The main focus of this website is on the cultivation of the tuberous Drosera and on images of tuberous Drosera. I would like to share with you my experiences about how to grow tuberous Drosera and I would like to show you the pictures, which I took in the course of many years of these wonderful plants.
I hope you like this page. If you find mistakes or have suggestions or maybe you want to contribute information or pictures, then I would be happy if you contact me.
Pot of drosera stolinifera
Tuberous drosera are carnivorous plants that occur mainly in Australia, occasionally in New Zealand and some Asian countries. Like all Drosera, the plants live on very nutrient-poor soils. In Australia they live partly in pure sand or laterite soils.
Probably the most interesting characteristic of tuberous drosera is their ability to build subterranous tubers where they store energy and nutrients for the next growing season. The reason why plants have evolved in the course of evolution to retreat and form tubers is due to the climatic conditions in southern Australia. In this region there is a very hot and dry summer in which plants on the surface can hardly survive and a cool and humid winter. For this reason the plants retreat at the beginning of summer back into the soil, where they are protected from unfavourable environmental conditions and store the nutrients in a tuber for the next winter.
At the beginning I would like to show you the life cycle of tuberous drosera throughout the year.
The year begins with the tubers that survive deep in the earth the hot and very dry summer in Australia. When the temperatures become cooler and there are the first rains in the beginning winter, the tubers start to sprout. When the plants reach the surface, they start to form leaves and sooner or later flowers. They grow until the temperatures rise again and the conditions become dryer. Then the plants start to retreat back into the soil and form tubers again.
TubersI would like to start the growth cycle of tuberous drosera with the tuber.
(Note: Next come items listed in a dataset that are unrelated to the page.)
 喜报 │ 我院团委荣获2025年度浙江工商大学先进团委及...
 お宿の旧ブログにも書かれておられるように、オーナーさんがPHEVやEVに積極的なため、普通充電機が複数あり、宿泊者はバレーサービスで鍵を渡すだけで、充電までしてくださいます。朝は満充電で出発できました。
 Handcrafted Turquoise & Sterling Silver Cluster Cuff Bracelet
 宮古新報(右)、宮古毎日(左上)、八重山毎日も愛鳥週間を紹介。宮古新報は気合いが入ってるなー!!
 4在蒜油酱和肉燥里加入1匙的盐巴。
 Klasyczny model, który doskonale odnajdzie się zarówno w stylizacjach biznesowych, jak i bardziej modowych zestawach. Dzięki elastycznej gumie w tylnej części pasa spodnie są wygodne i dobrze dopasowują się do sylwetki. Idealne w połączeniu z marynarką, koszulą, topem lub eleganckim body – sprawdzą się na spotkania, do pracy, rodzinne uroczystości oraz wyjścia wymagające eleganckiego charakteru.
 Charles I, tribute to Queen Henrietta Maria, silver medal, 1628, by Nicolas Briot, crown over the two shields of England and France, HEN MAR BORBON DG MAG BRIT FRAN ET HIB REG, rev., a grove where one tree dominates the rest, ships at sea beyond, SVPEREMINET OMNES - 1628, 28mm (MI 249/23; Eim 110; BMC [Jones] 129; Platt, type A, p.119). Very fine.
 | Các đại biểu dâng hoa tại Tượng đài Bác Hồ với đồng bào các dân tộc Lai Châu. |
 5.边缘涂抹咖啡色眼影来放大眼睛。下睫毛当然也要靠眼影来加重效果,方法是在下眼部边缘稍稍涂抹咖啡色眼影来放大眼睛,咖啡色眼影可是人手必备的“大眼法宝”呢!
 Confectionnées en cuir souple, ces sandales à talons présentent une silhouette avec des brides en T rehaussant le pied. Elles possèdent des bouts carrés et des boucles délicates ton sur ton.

Depending on the species, the tubers are about 0.5 cm to about 3 cm (0.2 to 1.2 inches) in diameter when fully grown and can have different colours and slightly different shapes. Most tubers are more or less round, but some are oval shaped. At the top of the tuber there is the "eye". The eye is the point at which the plant will emerge again in the next year. Some tubers, especially the oval ones, tapering at the lower end. A typical example is are tuber from Drosera browniana.
On nearly all the pictures from tubers there is a grid for size comparsion. One square is 1 mm x 1 mm.
Drosera zigzagia
Drosera browniana
Drosera porrecta southern form
At the beginning of the wet, mild winter in south-western Australia, the plants begin to bud from the tubers and emerge above ground. There are small differences. Some species sprout a flowering stem first and flower before leaves are formed like drosera erythrorhiza, some form leaves and flowers at the same time and others form leaves first and flowers later in the season or at the end. There is also another difference in the upright species. Some first form a soil rosette and a little later, usually about a month later, when the rosette is fully developed, they do form the upright part of the plant. A good example for this is Drosera auriculata or Drosera andersonia.
Drosera zonaria
Drosera auriculata
Drosera stolinifera
The time at which the flowers appear depends on the species. Some flowers appear at the beginning of the growth cycle, some in the middle and others almost at the end. The flowers of the tuberous drosera are quite large for the size of the plantĀ and are extraordinarily beautiful. Some of the tuberous Drosera flowers, especially the ones with white flowers have very pleasant-smelling honey like aromas! The flowers usually have five petals but in some cases like Drosera heretophylla it can be up to 12. The colours of the flowers range from white or a dark pink and all colour variations in between. A few species also have yellow flowers like Drosera zigzagia or drosera subhirtella, and some species like Drosera macrantha have a very interesting stigma.
Drosera heterophylla
Drosera subhirtella
Drosera menziesii dwarf erect form
If the conditions for the plants are good, then they begin to grow above ground. The growth habit of tuberous Drosera can be very different. For example, some tuberous Drosera are very tiny (as small as some pygmy Drosera), while other species can reach over 1,5 m (4 feet) tall! Also, there are flat rosetted species that grow to 8 cm (3 inches) in diameter, in contrast to some species that develop thin, tall stems and look like a shrub!
Drosera squamosa
Drosera platypoda
Drosera moorei
Because the plants cannot survive the very dry and hot summer in southern and western Australia, they pull themselves back into the earth and form one or more tubers. All nutrients that can be used for next year's growth are removed from the above-ground plant and transported downwards. What remains is a dried up plant. The process is very similar to that of the trees, which in the beginning of winter extracts nutrients from the leaves to store them in the roots for the next year.
There are also some very few species, such as drosera gigantea, which can grow under appropriate conditions all year round.